- **What the task requires**: An exact retyping of all lines below is the answer; pictures do not belong in it.

- **Data section**:
+---+

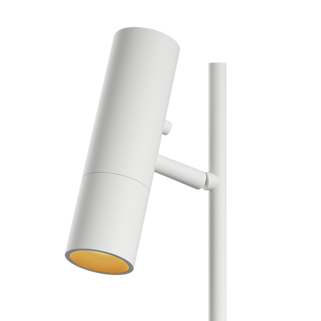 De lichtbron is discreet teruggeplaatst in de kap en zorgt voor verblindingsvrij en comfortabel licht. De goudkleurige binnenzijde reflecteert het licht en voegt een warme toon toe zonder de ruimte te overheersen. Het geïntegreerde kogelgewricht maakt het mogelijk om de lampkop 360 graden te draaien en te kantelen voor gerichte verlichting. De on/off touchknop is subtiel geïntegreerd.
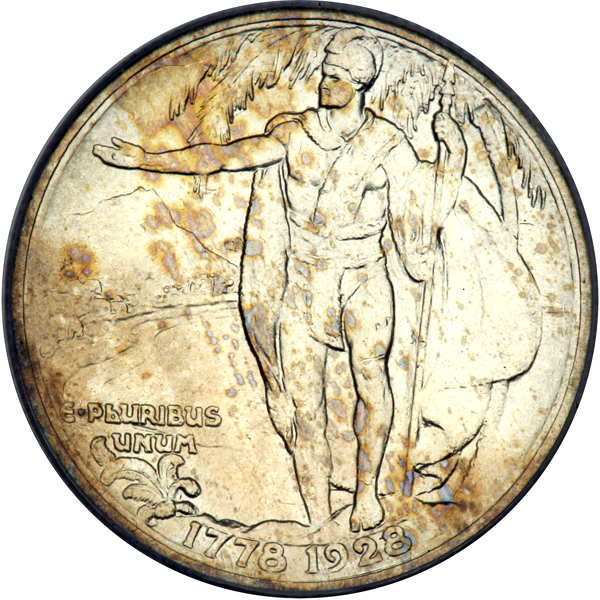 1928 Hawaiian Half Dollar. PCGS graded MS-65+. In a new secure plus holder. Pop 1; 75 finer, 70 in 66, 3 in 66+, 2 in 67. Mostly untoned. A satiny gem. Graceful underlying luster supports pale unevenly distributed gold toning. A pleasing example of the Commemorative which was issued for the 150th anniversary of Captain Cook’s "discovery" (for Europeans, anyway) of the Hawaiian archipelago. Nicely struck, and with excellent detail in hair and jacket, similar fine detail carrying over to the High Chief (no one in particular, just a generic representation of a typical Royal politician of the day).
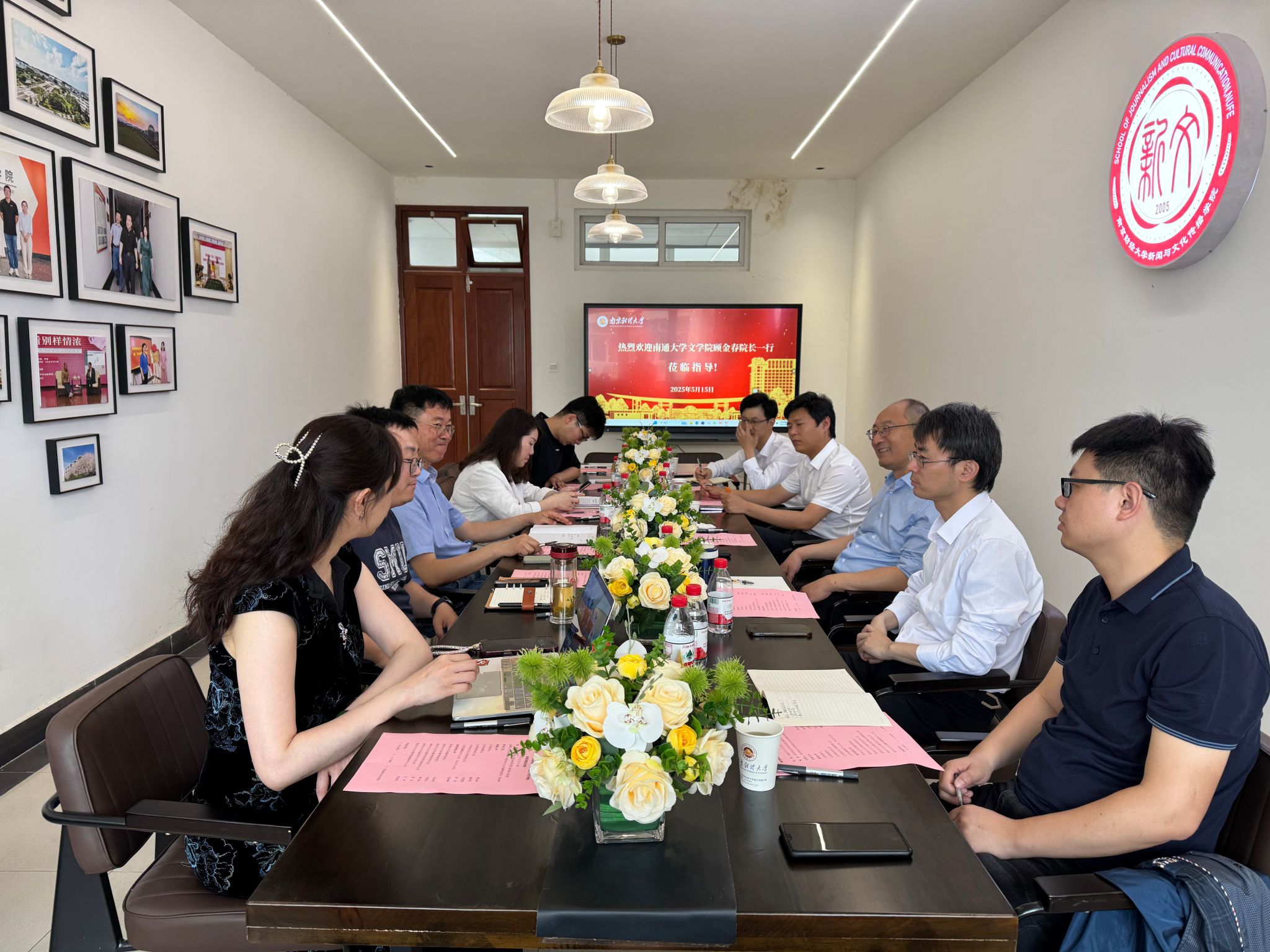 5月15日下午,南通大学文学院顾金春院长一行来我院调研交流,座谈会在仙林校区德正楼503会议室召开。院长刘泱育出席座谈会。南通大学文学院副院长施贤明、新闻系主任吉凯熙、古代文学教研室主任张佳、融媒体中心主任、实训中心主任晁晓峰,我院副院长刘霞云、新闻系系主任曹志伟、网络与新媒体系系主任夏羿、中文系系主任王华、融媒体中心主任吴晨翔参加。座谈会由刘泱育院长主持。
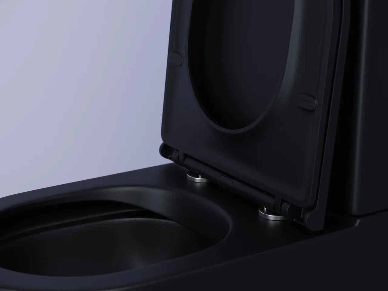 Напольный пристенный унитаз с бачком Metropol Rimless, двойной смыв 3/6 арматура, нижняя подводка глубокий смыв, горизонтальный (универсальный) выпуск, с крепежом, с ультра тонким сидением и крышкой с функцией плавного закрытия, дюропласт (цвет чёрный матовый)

+---+

- **Task output**:
 De lichtbron is discreet teruggeplaatst in de kap en zorgt voor verblindingsvrij en comfortabel licht. De goudkleurige binnenzijde reflecteert het licht en voegt een warme toon toe zonder de ruimte te overheersen. Het geïntegreerde kogelgewricht maakt het mogelijk om de lampkop 360 graden te draaien en te kantelen voor gerichte verlichting. De on/off touchknop is subtiel geïntegreerd.
 1928 Hawaiian Half Dollar. PCGS graded MS-65+. In a new secure plus holder. Pop 1; 75 finer, 70 in 66, 3 in 66+, 2 in 67. Mostly untoned. A satiny gem. Graceful underlying luster supports pale unevenly distributed gold toning. A pleasing example of the Commemorative which was issued for the 150th anniversary of Captain Cook’s "discovery" (for Europeans, anyway) of the Hawaiian archipelago. Nicely struck, and with excellent detail in hair and jacket, similar fine detail carrying over to the High Chief (no one in particular, just a generic representation of a typical Royal politician of the day).
 5月15日下午,南通大学文学院顾金春院长一行来我院调研交流,座谈会在仙林校区德正楼503会议室召开。院长刘泱育出席座谈会。南通大学文学院副院长施贤明、新闻系主任吉凯熙、古代文学教研室主任张佳、融媒体中心主任、实训中心主任晁晓峰,我院副院长刘霞云、新闻系系主任曹志伟、网络与新媒体系系主任夏羿、中文系系主任王华、融媒体中心主任吴晨翔参加。座谈会由刘泱育院长主持。
 Напольный пристенный унитаз с бачком Metropol Rimless, двойной смыв 3/6 арматура, нижняя подводка глубокий смыв, горизонтальный (универсальный) выпуск, с крепежом, с ультра тонким сидением и крышкой с функцией плавного закрытия, дюропласт (цвет чёрный матовый)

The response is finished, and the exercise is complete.